In the latest of these adventures, the US Justice Department is charging a North Korean with the Sony hack and the Wannacry attacks. "Park Jin Hyok was accused in a criminal complaint dated June 8 but unsealed Thursday of working with other unnamed co-conspirators to conduct a series of cyberattacks on corporate and financial networks to steal money and information at the direction of the North Korean government."
In the same week, the British have charged two GRU officers who attempted to murder Sergei Skripal with a Russian nerve agent. That was on top of the Chinese military officers charged for stealing corporate secrets (link to previous post) . Somewhere along the line, governments seem to have discovered that intelligence services do things the governments deny, so indicting them years later is proof that their denials were hollow.
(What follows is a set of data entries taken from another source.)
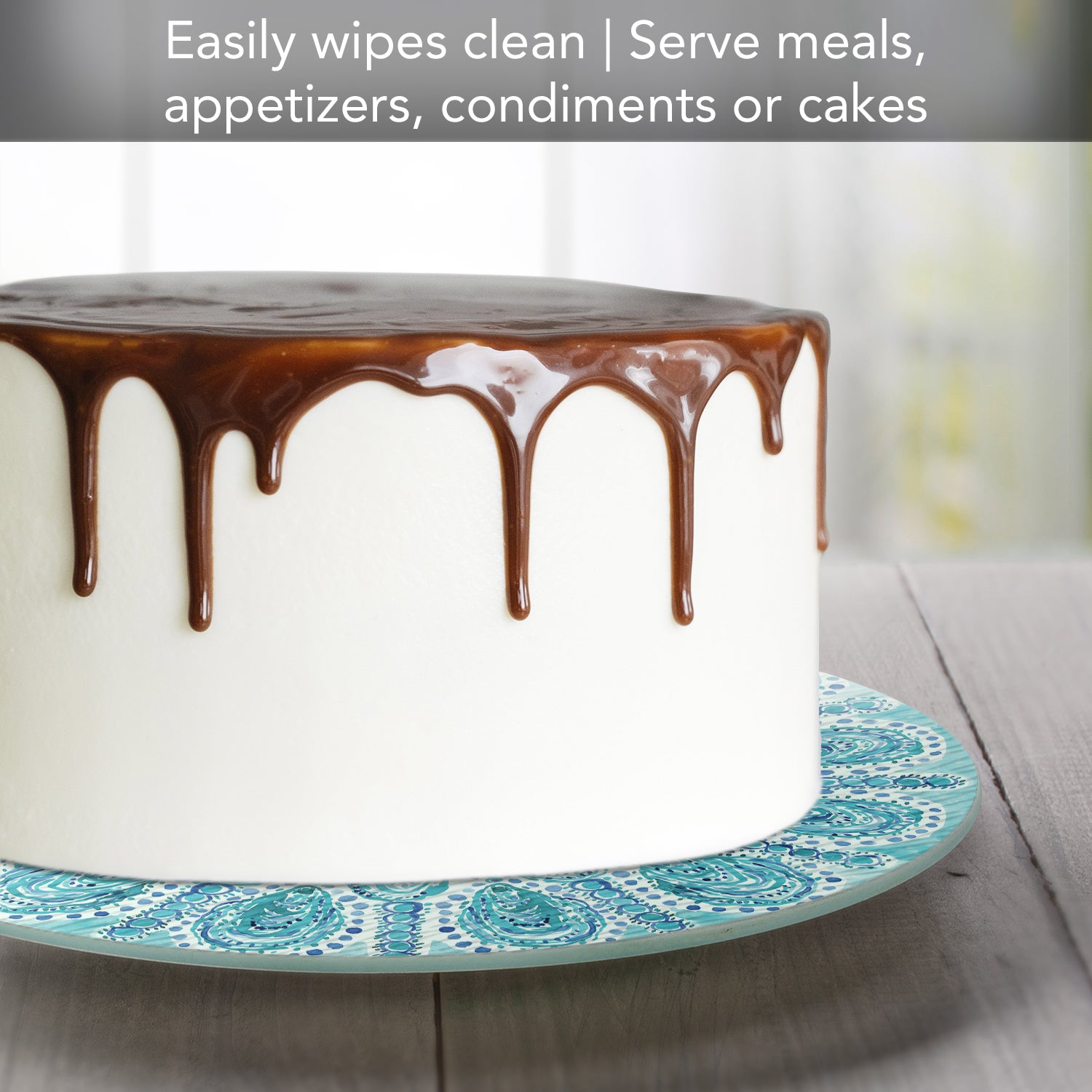 VERSATILE FUNCTIONALITY-Ideal for entertaining when serving cheese, fruit, and appetizers. Use as a Cake Plate, the rotation makes it easy to ice and decorate your cake. Put Pizza on it to cut and serve.
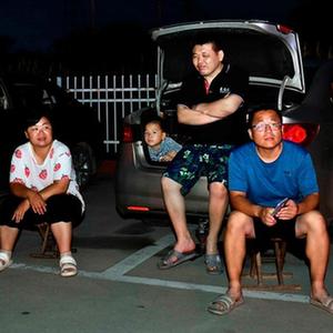 8月6日,平原县王打卦镇群众在户外有序避险。新华社记者 郭绪雷 摄
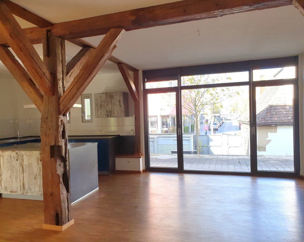 Für das Paar - LOFTartig Wohnen mit sonniger Terrasse mitten in FellbachDie großzügige 2,5-Zimmer-Wohnung mit großer sonnigen Terrasse befindet sich in einem in 2012 kernsanierten, denkmalgeschütztem Gebäudeensemble.
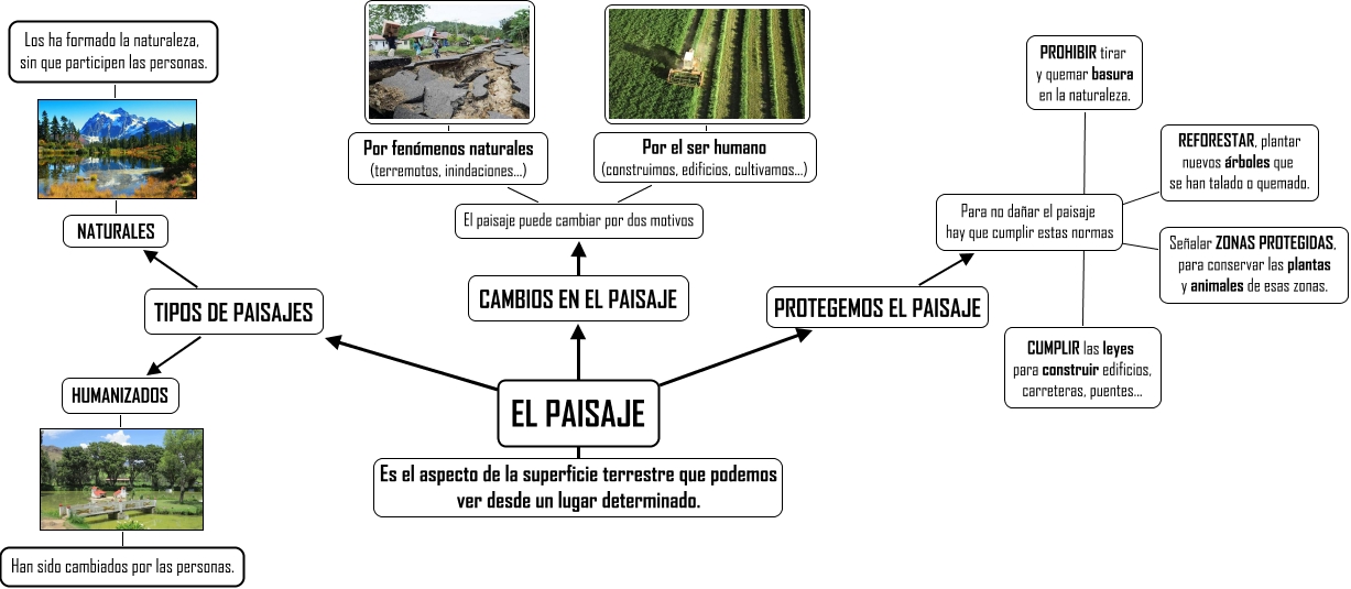 Este Cmap, tiene información relacionada con: ELEMENTOS DEL PAISAJE BLANCO, EL PAISAJE PROTEGEMOS EL PAISAJE Para no dañar el paisaje hay que cumplir estas normas, EL PAISAJE TIPOS DE PAISAJES NATURALES, Para no dañar el paisaje hay que cumplir estas normas ???? Señalar ZONAS PROTEGIDAS, para conservar las plantas y animales de esas zonas., EL PAISAJE Es el aspecto de la superficie terrestre que podemos ver desde un lugar determinado. Es el aspecto de la superficie terrestre que podemos ver desde un lugar determinado., HUMANIZADOS Han sido cambiados por las personas., El paisaje puede cambiar por dos motivos Por fenómenos naturales (terremotos, inindaciones...), Para no dañar el paisaje hay que cumplir estas normas ???? PROHIBIR tirar y quemar basura en la naturaleza., El paisaje puede cambiar por dos motivos Por el ser humano (construimos, edificios, cultivamos...), Para no dañar el paisaje hay que cumplir estas normas ???? CUMPLIR las leyes para construir edificios, carreteras, puentes..., EL PAISAJE TIPOS DE PAISAJES HUMANIZADOS, EL PAISAJE CAMBIOS EN EL PAISAJE El paisaje puede cambiar por dos motivos, Para no dañar el paisaje hay que cumplir estas normas ???? REFORESTAR, plantar nuevos árboles que se han talado o quemado., NATURALES Los ha formado la naturaleza, sin que participen las personas.
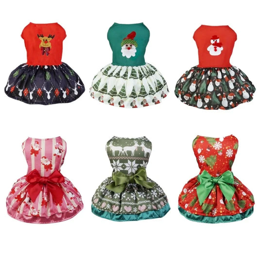 Christmas Dog Dresses New Year Dog Clothes Fancy Princess Puppy Dress Fashion Bow Cat Skirt Holiday Print Pet Costumes Dog Skirt
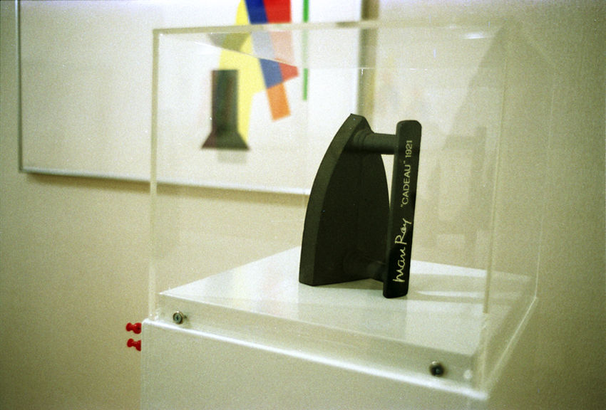 展示されているアイロンは、1974年にイタリアのルチアーノ・アンセルミーノが限定300個を再制作させたもので、限定番号とマン・レイのモノグラムサインが記されたカードとセットになっており(本作は50番)、これに未亡人となったジュリエットの証明書(1982年6月3日付)コピーが付されている。制作数が多いので、わたしにも購入可能な価格となった訳だが、児玉画廊のデイレクター加藤義夫氏の様々なサポートのお陰だったと感謝している。イタリアから持ち帰るとき、空港の荷物検査で止められないよう「土産品」と言って、そのまま手に持ってゲートを潜られたと氏から聞いた。展覧会カタログの紙面でアイロンを見る度に、その姿を想像して楽しい気分に包まれる。カタログの「あとがき」で、現代美術の源泉でもあるダダを画廊の原点とすると宣言された加藤氏は、「「視覚的網膜的な楽しみ」と「観念」とが共存しているようなマン・レイの作品群を通じてダダを理解することによって現代美術理解の糸口となれば幸いと思います。」と記している。

I want to remind everyone what DNI James Clapper said about this in one of his many testimonies on the Hill. He was referring to the theft of data from OPM, our holder of security clearance information. "People should remember we live in glass houses." He elaborated on it, but the idea was intelligence services do this kind of thing all the time but they don't arrest one another, or even make this kind of discovery public. It makes other intelligence services be more careful to not get caught. That makes intelligence collection everywhere harder to do. They have enough help with that aspect from our technology companies in the US.
I think these indictments are a waste of time and done by people who know very little about how Intelligence works. Trials, even trial preparation, expose sources and methods. The prosecution has to say how they know the person is guilty, should he ever come to trial (not likely). So exposing sources and methods for a person or persons who will never stand trial is not just a waste of time; it is an unnecessary risk to the community.